# 322 won't run both TV's, hookup help



## bobed2121 (Apr 5, 2007)

Well I finally got my 211 to work for my HD TV and 322 to work for the SD TV. Now I'm trying to hook up a second TV to my 322. Here is what I did so far. At the TV box (outside on the house) my Dish runs two white coax cables to the TV box. On white cable is connected directly into my 211 reciever in my living room. One cable one receiver one TV. Works great.

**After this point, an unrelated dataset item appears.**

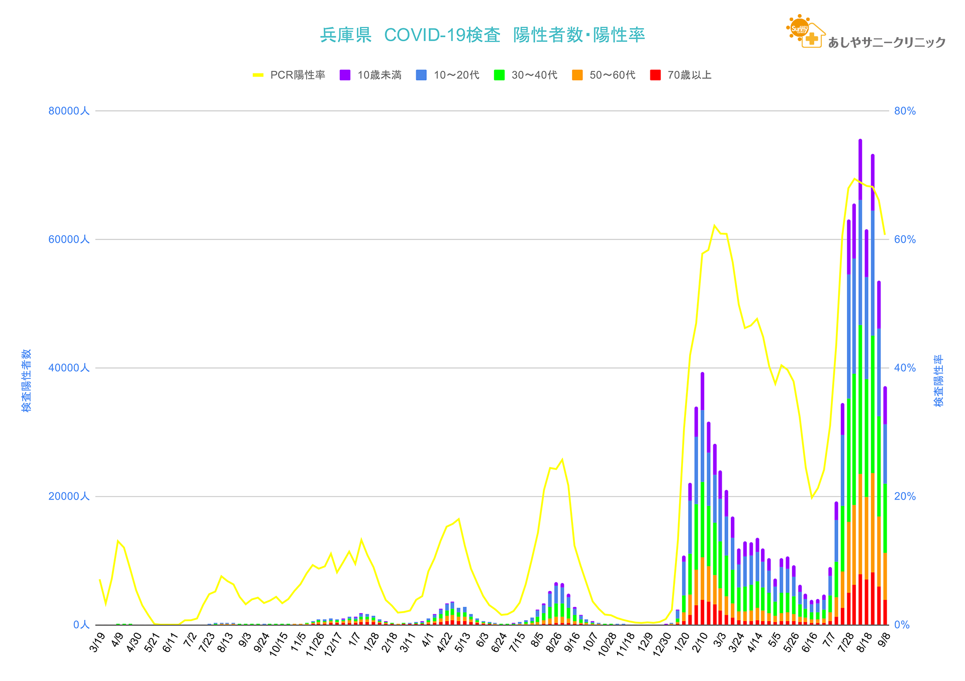 陽性率はピークこそ過ぎていますが依然高く、パターン的には第6波と同様の推移のように思えます。

Now the other white cable from the dish runs into a 3 way splitter. I'm not sure if this splitter is a diplixer or not. It's red in color and says Holland STVC on it. There are two connectors on one side, one says "SAT" and the other "VHF/UHF". There is a single connector on the other side that says "IN/OUT". The white dish cable runs into the SAT connector of the splitter and the cable from the room where the 322 is is connected to the IN/OUT of the splitter. I have my third TV connected to the VHF/UHF of the splitter. 
Now in the room where the 322 is there is a single cable from the wall that goes into a separator. The separator has a single INPUT on one side and on the other side a Satelite 1 IN and satelite 2 IN. There are two short cables that go out from the satelite 1 IN and Satelite 2 IN to the 322 receiver's Satelite IN 1 and Satelite IN 2. This connection works fine for the one TV that the 322 is connected to. I can't get the 2nd TV to connect. I took the 322 to the room that the 2nd TV is in and direct connected it and the TV worked. I'm thinking somewhere I have a splitter backwards or should be using something else besides the splitter or diplixer or separator. Any help on my connections would be highly appreciated.


----------



## BNUMM (Dec 24, 2006)

You need two diplexers. One will go before the separator. The coax that is connected to the in/out of the first diplexer will be connected to the in/out of the second diplexer. The sat. port will be connected to the separator. The vhf/uhf will be connected to the TV2 output on the 322.


----------



## dahenny (Apr 16, 2007)

What BNUMM said...simply, TV3 MUST be connected to the "home distribution" of the 322.


----------



## bobed2121 (Apr 5, 2007)

I tried this but something is still wrong. My room where my TV and 322 are has one coax cable from the wall. If I follow your instructions that cable goes into my diplexer IN/OUT connection. Then from there I'm left with UHF/VHF and SAT ports. From the UHF/VHF port I run a single cable to the 322 Home distribution connector TV 2 and from the SAT port a single cable to the separator INPUT. Then the separator outputs SAT 1 and SAT 2 go the the SAT 1 and SAT 2 inputs of the 322 respectively. Does that sound right?


----------